Personal information
- Born: June 17, 1930 Plymouth, Pennsylvania, U.S.
- Died: November 1, 2013 (aged 83) Mount Laurel, New Jersey, U.S.

Career information
- High school: Plymouth (PA)
- College: Notre Dame

Career history
- Buffalo Bills (1962–1968) Wide receivers coach/offensive backfield coach; Boston Patriots (1969–1970) Offensive backfield coach; Boston/New England Patriots (1970–1972) Head coach; Philadelphia Eagles (1973–1975) Defensive backs coach; Philadelphia Eagles (1976) Defensive coordinator/defensive backs coach; New York Jets (1977–1978) Defensive backs coach; New York Jets (1979–1980) Defensive coordinator;

Awards and highlights
- National champion (1949);

Head coaching record
- Regular season: 9–21 (.300)
- Coaching profile at Pro Football Reference

= John Mazur =

American gridiron football player and coach (1930–2013)

John Edward Mazur (June 17, 1930 – November 1, 2013) was an American gridiron football player and coach. He was played college football as a quarterback at the University of Notre Dame. Mazur served as head coach for the New England Patriots of the National Football League (NFL) from 1970 to 1972.

==Career==
Mazur grew up in Plymouth, Pennsylvania where he graduated in Plymouth High School's class of 1948. His outstanding quarterbacking skills caught the attention of Notre Dame coaches, leading him to play for the Fighting Irish from 1949 to 1951, starting for the 1951 squad that finished 7–2–1. The following year, Mazur went into the Marine Corps, playing quarterback for both the Quantico and Camp Pendleton Marines. Upon his discharge in 1954, Mazur headed to Canada, where he spent one year with the BC Lions of the Canadian Football League before suffering a career-ending ankle injury.

In 1955, Mazur entered the coaching ranks, spending the first of three years as an assistant at Tulane University. He followed that with one year at Marquette University in 1958, before heading east to work three years in a similar capacity for Boston University.

On January 22, 1962, Mazur was hired as backfield coach of the American Football League Buffalo Bills, spending seven seasons with the team as offensive coordinator, helping them capture AFL titles in both 1964 and 1965. By his final year with Buffalo in 1968, Mazur had seen the team collapse with the worst record in professional football, a dubious distinction that helped them select O. J. Simpson in the NFL draft.

Looking for other options, Mazur was hired as an assistant with the Boston Patriots on February 6, 1969. However, the team struggled under new head coach Clive Rush, who resigned on November 3, 1970, elevating Mazur to his first and only head coaching role.
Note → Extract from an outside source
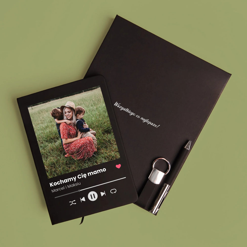• Zestaw z eleganckim notatnikiem z wybraną przez Ciebie personalizacją na okładce.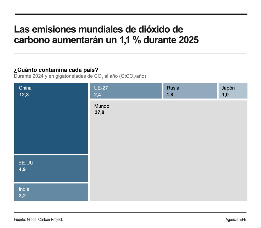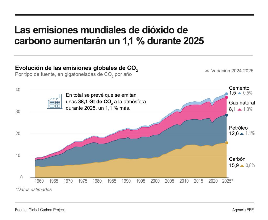Nuevo récord de emisiones de CO2 de origen fósil en 2025 tras aumentar un 1.1 %

Mazur was re-hired at the end of the 1970 NFL season, and selected quarterback Jim Plunkett with the first pick in the 1971 draft. Leading the team to a 6–8 mark that year, which included upsets of the Miami Dolphins, Baltimore Colts and Oakland Raiders, the team enjoyed its best record since 1966, and Mazur was awarded a new contract with a substantial pay increase. That excitement would be short-lived as the Patriots won only two of their first nine games. Mazur then resigned on November 13, 1972, one day after a 52–0 shutout by Miami, and was replaced by Phil Bengtson.
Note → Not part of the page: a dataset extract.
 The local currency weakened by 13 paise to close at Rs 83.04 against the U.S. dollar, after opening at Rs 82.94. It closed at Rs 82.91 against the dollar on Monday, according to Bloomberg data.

Mazur would resurface the next year as defensive backs coach with the Philadelphia Eagles, and would survive the dismissal of much of the coaching staff following the end of the 1975 NFL season. However, after just one year working under Dick Vermeil, Mazur left in 1977 to join former Eagles assistant Walt Michaels, who had been hired as head coach of the New York Jets.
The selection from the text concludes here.